Consumer computers and video-game consoles compute graphics using an approach called rasterization, explains John Hart, a professor of computer science at the University of Illinois at Urbana-Champaign. Rasterization renders a scene by generating only those pixels that will be visible to a viewer. This process is fast, but it doesn't allow for much realism, explains Hart. "Rasterization is limited in the kinds of visual effects it can produce, and has to be extensively customized just to be able to approximate the appearance of complicated reflective and translucent objects that ray tracing handles nicely." For instance, in real life, if a light is shining at the side of a car, some of that illumination could reflect off metal in the undercarriage, and this would create a reflection on the ground that's visible to a viewer who's looking at the car from above. Rasterization would ignore the pixels that make up the undercarriage, however, and the reflection would be lost.

Ray tracing takes a fundamentally different approach from rasterization, explains Miller। "Rather than converting each object into its pixel representation, it takes all of the geometry in the scene and stores it in a highly specialized database," he says. This database is designed around performing the following fundamental query: given a ray of light, what points on a surface does it collide with first? By following a ray of light as it bounces around an entire scene, designers can capture subtle lighting cues, such as the bending of light through water or glass, or the multiple reflections and shadows cast by shiny three-dimensional objects such as an engine or a car.
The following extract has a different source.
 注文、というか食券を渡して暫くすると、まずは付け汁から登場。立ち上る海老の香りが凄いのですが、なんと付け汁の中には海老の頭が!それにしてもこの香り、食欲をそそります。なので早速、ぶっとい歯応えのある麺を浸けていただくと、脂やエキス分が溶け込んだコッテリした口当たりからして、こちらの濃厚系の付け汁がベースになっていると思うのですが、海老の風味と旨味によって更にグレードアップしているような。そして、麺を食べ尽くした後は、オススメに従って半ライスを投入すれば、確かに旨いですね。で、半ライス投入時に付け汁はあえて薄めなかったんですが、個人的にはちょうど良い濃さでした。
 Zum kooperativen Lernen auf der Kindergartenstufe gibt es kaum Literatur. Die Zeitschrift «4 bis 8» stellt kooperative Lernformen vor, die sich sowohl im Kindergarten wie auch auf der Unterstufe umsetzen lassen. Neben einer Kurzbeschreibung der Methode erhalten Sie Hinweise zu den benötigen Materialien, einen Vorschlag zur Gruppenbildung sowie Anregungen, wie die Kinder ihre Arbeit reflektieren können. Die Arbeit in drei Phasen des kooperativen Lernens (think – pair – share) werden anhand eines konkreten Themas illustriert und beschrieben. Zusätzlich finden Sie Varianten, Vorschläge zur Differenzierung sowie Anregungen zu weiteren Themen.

Essentially, then, ray tracing tries to find the right information in a database as quickly as possible. This isn't a problem for rasterization, says Miller. Usually, the rendering process is straightforward, and data is cached and ready to go when the processor needs to use it. With ray tracing, however, the brightness of any given point on a surface could have been created from multiple bounces of a light ray, and data about each bounce of light tends to be stored in a separate location in the database. "This is a nightmare scenario for the caching strategy built into microprocessors, since each read to memory is in an entirely different location," says Miller.
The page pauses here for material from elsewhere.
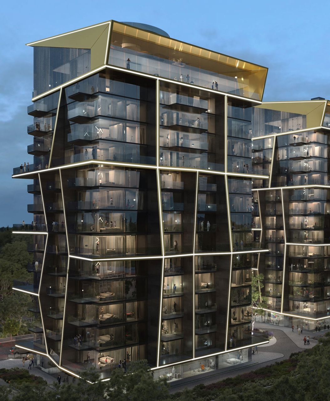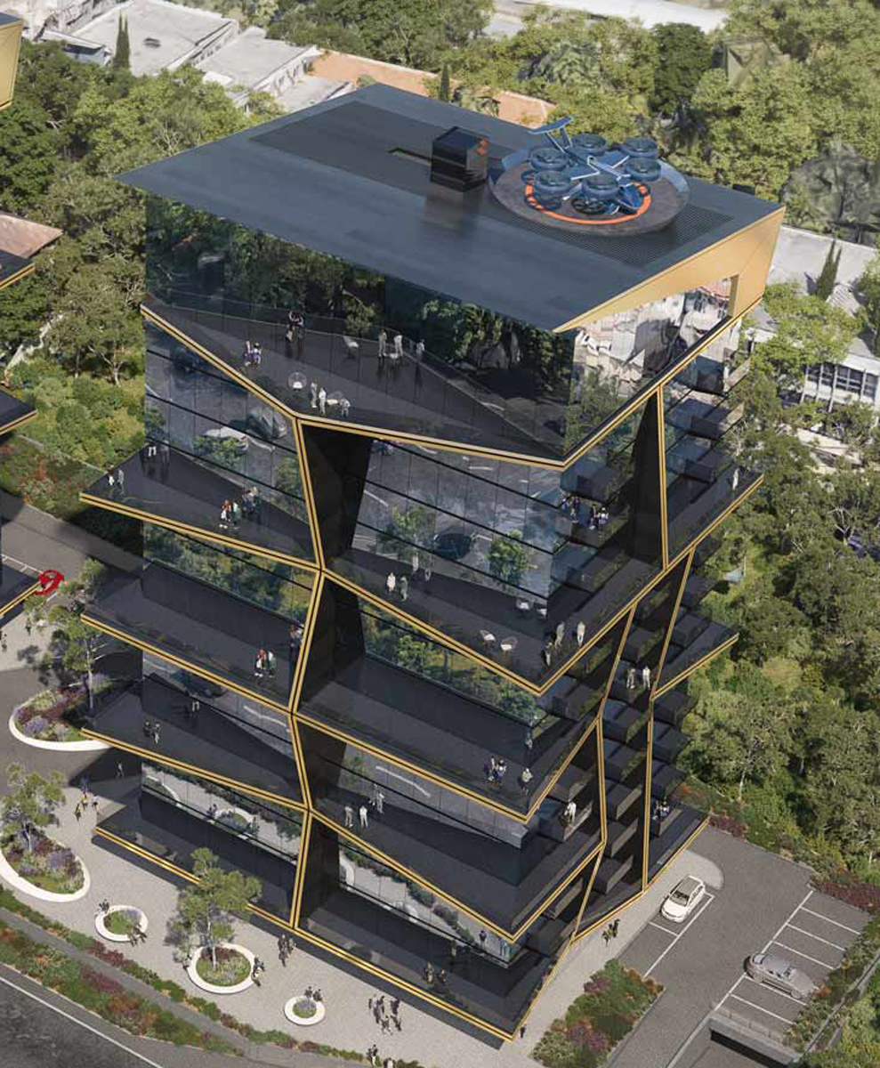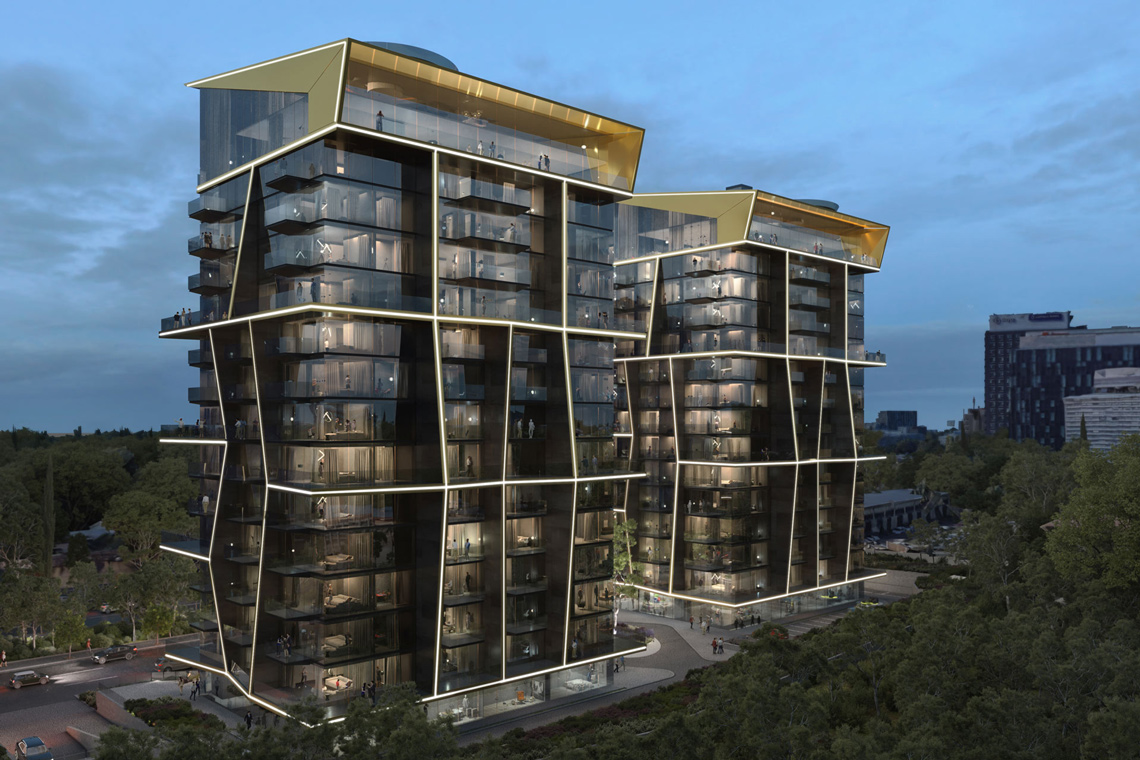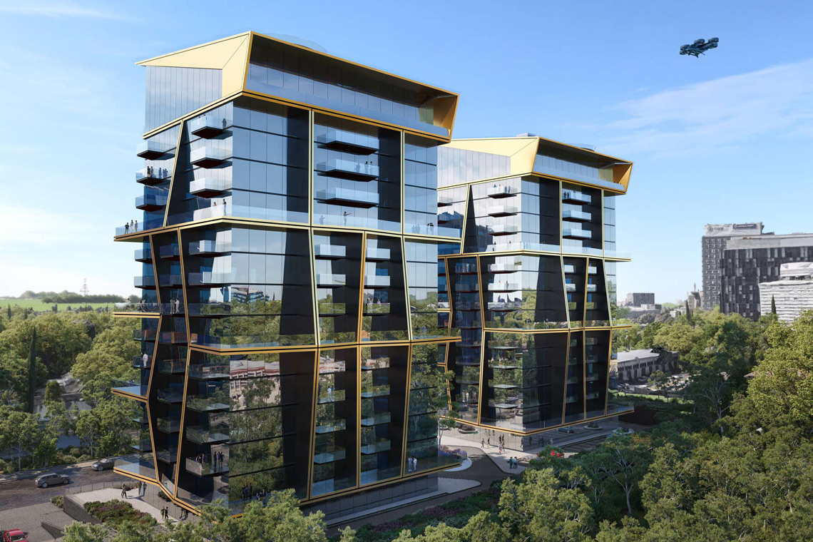 Notable for each design is the roof terrace, which plays host to a drone landing pad – a cutting edge offer for luxury-minded residents looking for a swift route in and out of their home to the environs of the city. The second tower of the project also includes two spectacular swimming pools that sit adjacently at the centre of the bridge, between the two buildings. Reflecting the dynamism of its inhabitants, the overall unity of the building is achieved through the energetic meeting of gold finish aluminium across the glass facade.

He explains that his team is exploring various approaches to making these database queries more efficient. Previous research has produced algorithms that bundle certain types of data together to simplify the querying process. For instance, bundles of data can include information that represents rays of light that start from roughly the same location, or rays that head in nearly the same direction. Adobe is not releasing the details of its approach, although Miller says that his team is trying to find the most efficient combination of database-management approaches. Once the researchers develop software that can effectively manage the memory of multicore computers, then ray-tracing algorithms can be rendered at full speed, he says.

"Adobe makes software that improves a user's ability to create and communicate visually," says Hart of the University of Illinois. "Software like Photoshop provides methods for processing photographs, but by adding ray tracking, users will have the ability to create photorealistic images of things they didn't actually photograph." One of the biggest obstacles at this point, he says, is making the system work fast enough so that a user can run a ray-tracing program interactively.
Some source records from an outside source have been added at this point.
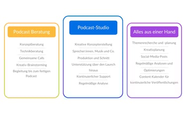 Wenn wir gemeinsam in die Produktion deines Podcasts gehen, erhältst du mehr als nur eine Dienstleistung: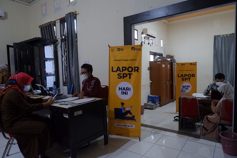 Kantor Pelayanan, Penyuluhan, dan Konsultasi Perpajakan (KP2KP) Tilamuta bersinergi dengan Dinas Koperasi Usaha Kecil dan Menengah Perindustrian dan Perdagangan (Diskoperindag) Kabupaten Boalemo untuk memberikan pelayanan langsung berupa asistensi dan pojok pajak dalam pelaporan Surat Pemberitahuan (SPT) Tahunan secara daring melalui e-Filing kepada para pegawai yang ada di lingkungan kantor Diskoperindag Kabupaten Boalemo, Gorontalo (Selasa, 15/03).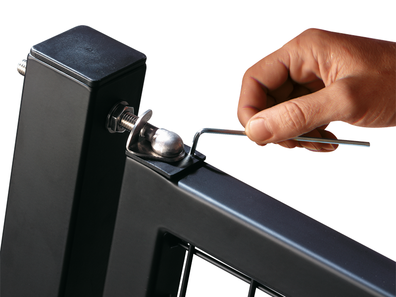 Adjustable spring hinges for garden and walk gates. The set can be fitted inside 1-1/2", 16 Ga tubing. The SWING can easily be adjusted in strength from outside by means of an Allen key.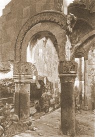 Henry Finnis Blosse Lynch was born in London in 1862, of Irish parentage. His family ran Lynch Brothers, a firm that traded with and ran shipping lines in Persia and Mesopotamia. Lynch had already travelled widely in those regions before their geographical closeness to Armenia, together with the growing importance of the "Armenian Question", attracted him to Armenia. Lynch later became a member of the British Parliament. He died suddenly in November 1913 of pneumonia. Lynch's two volume work "Armenia: Travels and Studies" was published in London in 1901, and remains the definitive account in English of Armenia before the 1915 massacres. An Armenian translation of the book was published in London in 1902, and another in Constantinople in 1913. In modern Turkey, the book was on the official list of banned books until at least the late 1990s. "Armenia: Travels and Studies" was the result of two extensive visits he made to the Turkish and the Russian controlled areas of Armenia - the first visit lasting from August 1893 to March 1894, and the second from May to September 1898. Lynch visited Ani in October 1893 and his account of that visit, with the accompanying photographs, is reproduced below. His footnotes are on a separate page. The border graphic on this page is based on the decorative band on the binding of Lynch's book, was inspired by the vine-scroll relief on the church of the Holy Cross on Acht'amar island.

The current ray-tracing approach alone won't solve all the problems that computer-graphics researchers are tackling, Hart adds. It's still impossible to perfectly simulate the human face. "This is an elusive goal," he says, "because as we get more realistic ... subtle errors become more noticeable and, in fact, more creepy. Once we get faces right, we will need high-quality methods like ray tracing to render them, and we'll want it in real time."

The system is still just a research project, and the company doesn't provide a timeline for when it might make it to consumers, but technology on all fronts, including advances in multicore architecture, is advancing rapidly. Miller suspects that consumers will start to see real-time ray tracing in products within the next five years.